Quantization and sampling

Most signals in life are continuous: pressure waves propogating through air, chemical reactions, body movement. For computers to process these continuous signals, however, they must be converted to digital representations via a Analog-to-Digital Converter (ADC). A digital signal is different from its continous counterpart in two primary ways:

  • It is sampled at specific time steps. For example, sound is often sampled at 44.1 kHz (or once every 0.023 milliseconds).
  • It is quantized at specific voltage levels. For example, on the Arduino Uno, the microcontroller has a 10-bit ADC, so an incoming, continuous voltage input can be discretized at $\frac{5V}{2^{10}}=4.88 mV$ steps.

In this lesson, we will use audio data is our primary signal. Sound is a wonderful medium for learning because we can both visualize and hear the signal.
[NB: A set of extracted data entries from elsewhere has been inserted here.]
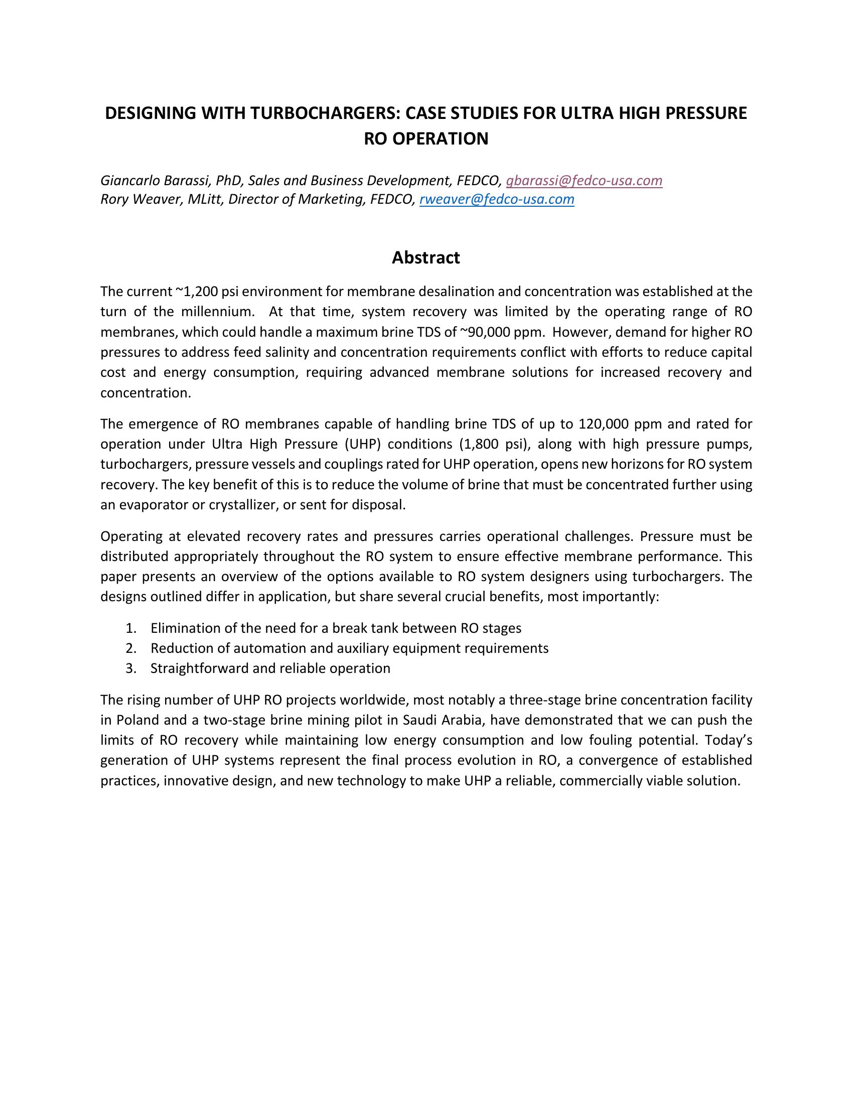 The current ~1,200 psi environment for membrane desalination and concentration was established at the turn of the millennium. At that time, system recovery was limited by the operating range of RO membranes, which could handle a maximum brine TDS of ~90,000 ppm. However, demand for higher RO pressures to address feed salinity and concentration requirements conflict with efforts to reduce capital cost and energy consumption, requiring advanced membrane solutions for increased recovery and concentration. The emergence of RO membranes capable of handling brine TDS of up to 120,000 ppm and rated for operation under Ultra High Pressure (UHP) conditions (1,800 psi), along with high pressure pumps, turbochargers, pressure vessels and couplings rated for UHP operation, opens new horizons for RO system recovery. The key benefit of this is to reduce the volume of brine that must be concentrated further using an evaporator or crystallizer, or sent for disposal. Operating at elevated recovery rates and pressures carries operational challenges. Pressure must be distributed appropriately throughout the RO system to ensure effective membrane performance. This paper presents an overview of the options available to RO system designers using turbochargers. The designs outlined differ in application, but share several crucial benefits, most importantly: 1. Elimination of the need for a break tank between RO stages 2. Reduction of automation and auxiliary equipment requirements 3. Straightforward and reliable operation. The rising number of UHP RO projects worldwide, most notably a three-stage brine concentration facility in Poland and a two-stage brine mining pilot in Saudi Arabia, have demonstrated that we can push the limits of RO recovery while maintaining low energy consumption and low fouling potential. Todayís generation of UHP systems represent the final process evolution in RO, a convergence of established practices, innovative design, and new technology to make UHP a reliable, commercially viable solution.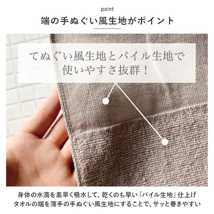 ・身体の水滴を素早く吸水して、乾くのも早い「パイル生地」仕上げ。タオルの端を薄手の手ぬぐい風生地にすることで、サッと巻きやすい。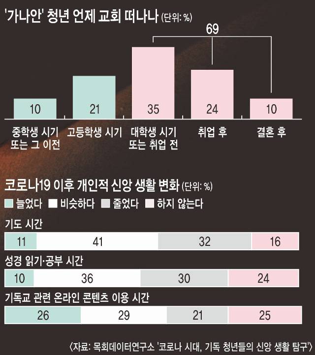 목회데이터연구소(대표 지용근)가 전국 크리스천 청년(19~39세) 700명을 대상으로 조사한 ‘코로나 시대, 기독 청년들의 신앙생활 탐구’(2020년 1월)에 따르면 10명 중 7명(69%)이 고등학교 졸업 후 ‘가나안 성도(기독 신앙이 있지만 교회에 출석하지 않는 성도)’가 되는 것으로 나타났다. 전도가 위축된 시대에 부모의 손에 이끌려 신앙생활을 지속해 온 성도들이 청소년기(12~18세)를 지나며 급격하게 교회 밖으로 이탈하게 된다는 분석이 나온다.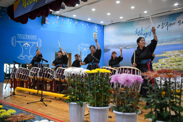 제20회 양구 국토정중앙면민화합 한마당 큰잔치 개막식이 4일 국토정중앙면 용하체육관에서 서흥원 양구군수, 김왕규 도의원, 김선묵 양구군의원을 비롯한 기관·사회단체장과 지역 주민 등이 참석한 가운데 열렸다.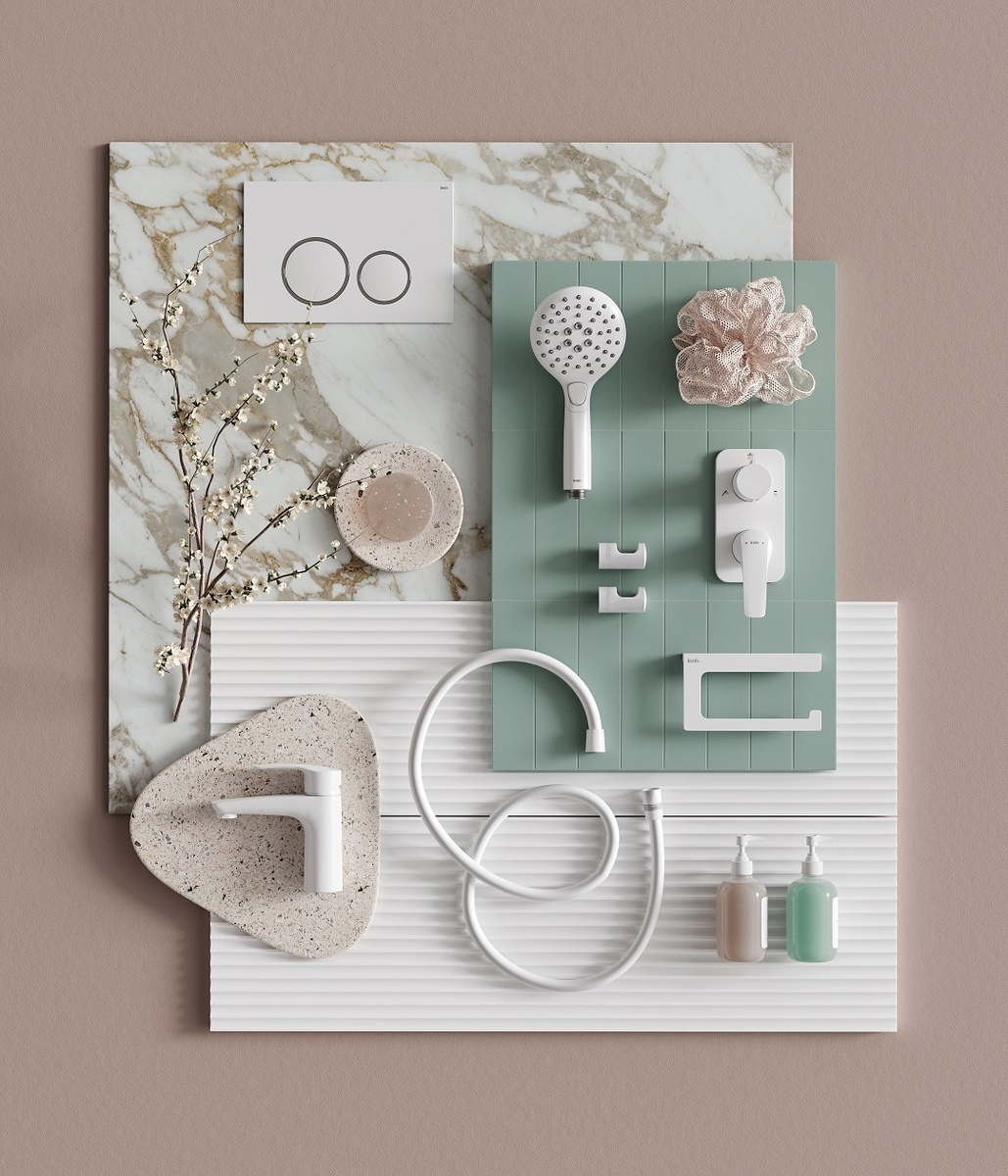 Сочетания сантехники и аксессуаров в матовом белом оттенке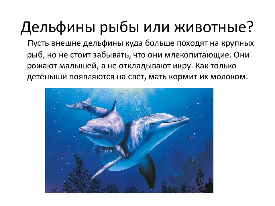Пусть внешне дельфины куда больше походят на крупных рыб, но не стоит забывать, что они млекопитающие. Они рожают малышей, а не откладывают икру. Как только детёныши появляются на свет, мать кормит их молоком.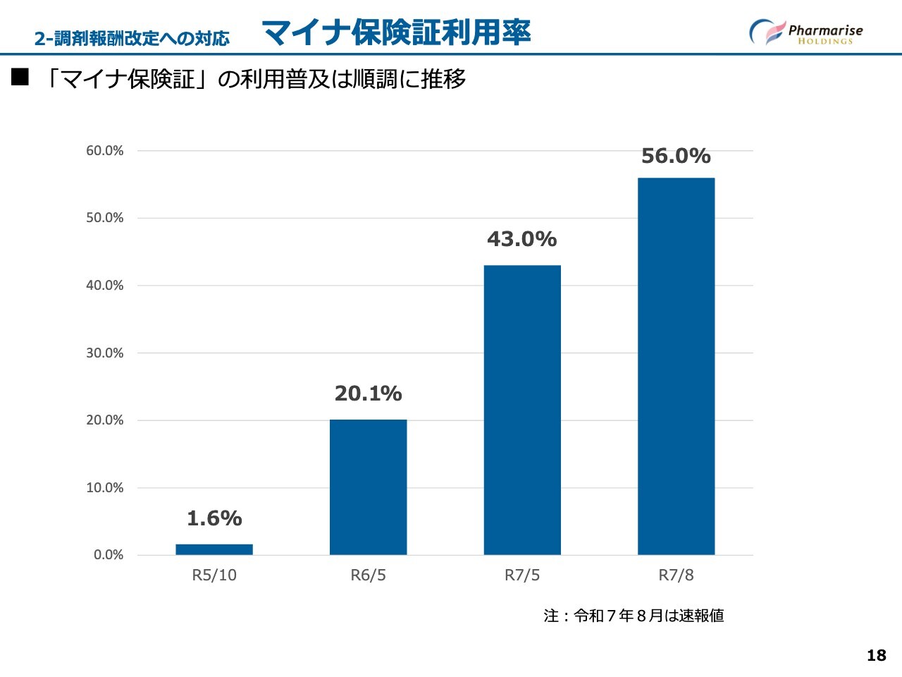 また、算定要件の1つであるマイナ保険証利用率の実績については、定期的に引き上げが行われていますが、各店舗でのマイナ保険証普及活動がしっかり実施されていることから、継続的に条件を満たし、96.4パーセントの店舗で算定しています。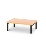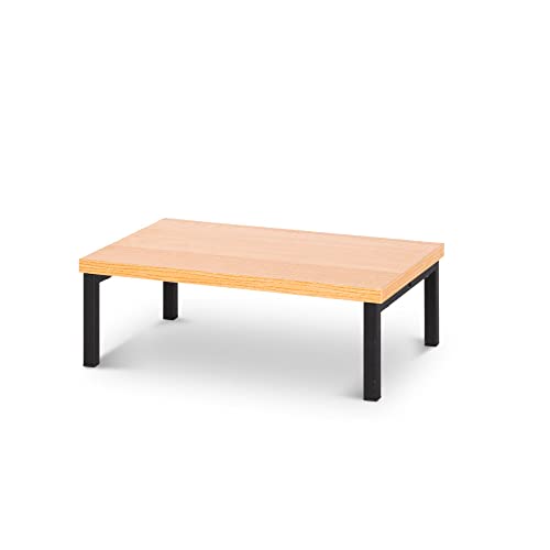 モニター台は木製で木目調、D25xH10xW40cmのサイズ。液晶モニターやノートパソコンの収納に便利。オフィスやテレワークに最適なデスクラック。色はブラウンです。

Recall that a microphone responds to air pressure waves. We'll plot these waveforms, manipulate them, and then play them. We suggest plugging in your headphones, so you can really hear the distinctions in the various audio samples.

Note: We downsample audio data to 3,000 Hz and below. We could not get Chrome to play audio at these lower sampling rates (but they did work in Firefox). We'll make a note of this again when it's relevant.

Dependencies

This notebook requires LibROSA—a python package for music and audio analysis. To install this package, you have two options.

First, from within Notebook, you can execute the following two lines within a cell (you'll only need to run this once):

import sys
!{sys.executable} -m pip install librosa

Second, from within your Anaconda shell:

> conda install -c conda-forge librosa

Resources

About this Notebook

This Notebook was designed and written by Professor Jon E. Froehlich at the University of Washington along with feedback from students. It is made available freely online as an open educational resource at the teaching website: https://makeabilitylab.github.io/physcomp/.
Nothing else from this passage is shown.